Nanto menggelengkan kepala, mengenyahkan makian dalam hati yang hanya akan membuatnya merasa teruk - meski bentakan itu hadirnya dari dalam batinnya sendiri. Apaan sih suara hatinya ini? Biarkan saja to, hidup ini kan cuma sekali, tak ada salahnya menyatakan kekaguman dalam hatinya terhadap orang yang paling tepat dengan cara yang ia inginkan.

Caranya itu lho!

Caranya memang agak kurang ajar ya, harus ia akui. Dia mungkin sudah kelewat batas.

Memang sih, Bu Asty tadi cakepnya memang bikin pusing kepala. Gimana ga gemes? Haduh itu ranum banget. Sayang semua buyar gara-gara bel sekolah berbunyi.

Nanto menggelengkan kepala kembali, lupakan yang tadi. Lupakan cah gemblung! Sekarang saatnya cari peluang kerja, bukan bikin skandal yang cuma bikin kamu jalan di tempat. Dasar bodoh! Bodoh! Baru datang ke kota ini, bukannya nyari cara benerin hidup malah sudah bikin masalah baru. Entah bagaimana ia akan menyudahi apa yang tadi ia lakukan atau malah membuat semuanya tambah ambyar.

Secakep apapun Bu Asty, dia itu istri orang! Jadi orang jangan bego-bego amat, Nyuk! Pengen kena azab kuburannya ditimpa truk tangki air soda?

Motor yang dikendarai Nanto berbelok ke sebuah gang kecil, menjauhi jalan utama, lalu masuk ke gang yang lebih kecil lagi. Hanya satu hal yang dapat membuat Nanto melupakan insiden kecilnya tadi, yaitu makan enak!

Deru suara motornya berhenti saat Nanto akhirnya sampai di sebuah warteg kecil yang ada di pertengahan sebuah gang sempit, Warung Mbah Wig! Warung ini populer meski lokasinya bisa dibilang berada di tanah tak bertuan saking tersembunyinya. Untuk mencapai tempat ini ada dua cara, yang pertama harus sudah pernah mendengar kabar tentang enaknya masakan di sana dan yang kedua diantarkan oleh orang lain yang juga sudah pernah merasakannya. Tua muda kaya miskin banyak yang berkunjung kemari.

Karena lokasinya berada di tengah jalan sempit, bagi yang datang dengan mobil harus mengalah memarkirkan kendaraannya agak jauh dari lokasi dan berjalan kaki ke warung. Sedangkan yang menggunakan motor, ada ruang terbuka yang tidak begitu luas yang dipakai sebagai tempat parkir. Kalau tempat parkir ini penuh, motor-motor akan berjajar di pinggir-pinggir gang.

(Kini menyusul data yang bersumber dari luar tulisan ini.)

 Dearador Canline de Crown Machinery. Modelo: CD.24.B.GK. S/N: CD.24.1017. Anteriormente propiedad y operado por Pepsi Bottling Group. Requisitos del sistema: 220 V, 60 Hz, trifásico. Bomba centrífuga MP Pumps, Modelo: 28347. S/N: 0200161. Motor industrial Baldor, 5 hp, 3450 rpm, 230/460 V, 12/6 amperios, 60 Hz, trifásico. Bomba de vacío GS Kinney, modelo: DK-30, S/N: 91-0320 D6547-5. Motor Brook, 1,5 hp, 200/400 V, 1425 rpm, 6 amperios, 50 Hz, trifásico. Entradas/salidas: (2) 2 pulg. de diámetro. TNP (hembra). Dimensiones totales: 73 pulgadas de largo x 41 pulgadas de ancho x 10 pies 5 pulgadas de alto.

Warung Mbah Wig sebenarnya warung sederhana saja, khas dengan masakan Jawa. Sayur lodeh ada, sayur sop ada, ayam goreng ada, jeroan goreng ada, tahu dan tempe goreng garing ada, dan macam-macam lauk lain yang bikin perut kenyang hati senang. Namun yang paling lezat dan selalu dicari tentu saja adalah empal goreng yang sedap krenyes bikin warrior serasa princess.

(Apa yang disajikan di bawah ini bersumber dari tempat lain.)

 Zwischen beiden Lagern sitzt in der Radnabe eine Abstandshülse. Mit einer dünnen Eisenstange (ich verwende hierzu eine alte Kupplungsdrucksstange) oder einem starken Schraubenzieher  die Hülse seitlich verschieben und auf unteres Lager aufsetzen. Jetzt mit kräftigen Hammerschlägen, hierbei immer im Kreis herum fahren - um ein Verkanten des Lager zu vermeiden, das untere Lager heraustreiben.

Omong-omong, kesiangan ga ya? Saking laris dan ngetopnya masakan Mbah Wig, kalau siang sedikit empal goreng di sini sudah habis. Lauk yang lain juga enak sih, tapi kalau ga ada empal serasa sayur sop tanpa daging. Ya iya lah ya.

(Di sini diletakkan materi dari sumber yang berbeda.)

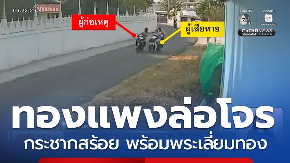 สนามข่าวเสาร์-อาทิตย์ - ราคาทองคำแพงเป็นเหตุ ทำเอาเกิดเหตุชิงทองรายวัน อย่างที่จังหวัดนครปฐม คนร้ายขี่รถจักรยานยนต์ตามประกบ ก่อนกระชากสร้อยทอง 2 สลึง พร้อมพระเลี่ยมทอง หลบหนีไป

Setelah parkir dengan santun, meletakkan helm di spion motor dan tersenyum pada bapak-bapak yang jaga parkiran, Nanto pun melangkah mantap masuk ke warung.

Beberapa orang menatap kedatangan Nanto sambil mengunyah makanan mereka, diamati dari atas ke bawah, bawah ke atas, kaki ke kepala, kepala ke kaki. Karena warung ini sebenarnya kecil dan sempit, siapapun yang datang seakan-akan patut dicurigai dan jadi bintang sesaat. Mereka mengamati pemuda yang baru datang itu bagai penyelidik. Tubuh tegap dan kencang, wajah tenang, rambut dipotong cepak dan rapi, kemeja putih seperti baru beli, dan celana panjang hitam yang sepertinya belum nyaman dikenakan. Sebagian pengunjung menduga: kalau bukan sales nawarin panci kredit atau tukang angkut piring di kawinan, orang ini pasti baru magang kerja.

Nanto sih cuek saja, karena yakin tebakan semua orang pasti salah.

Ah, hanya ada dua orang yang sedang berdiri menunggu Mbah Wig meladeni, ga lama lah.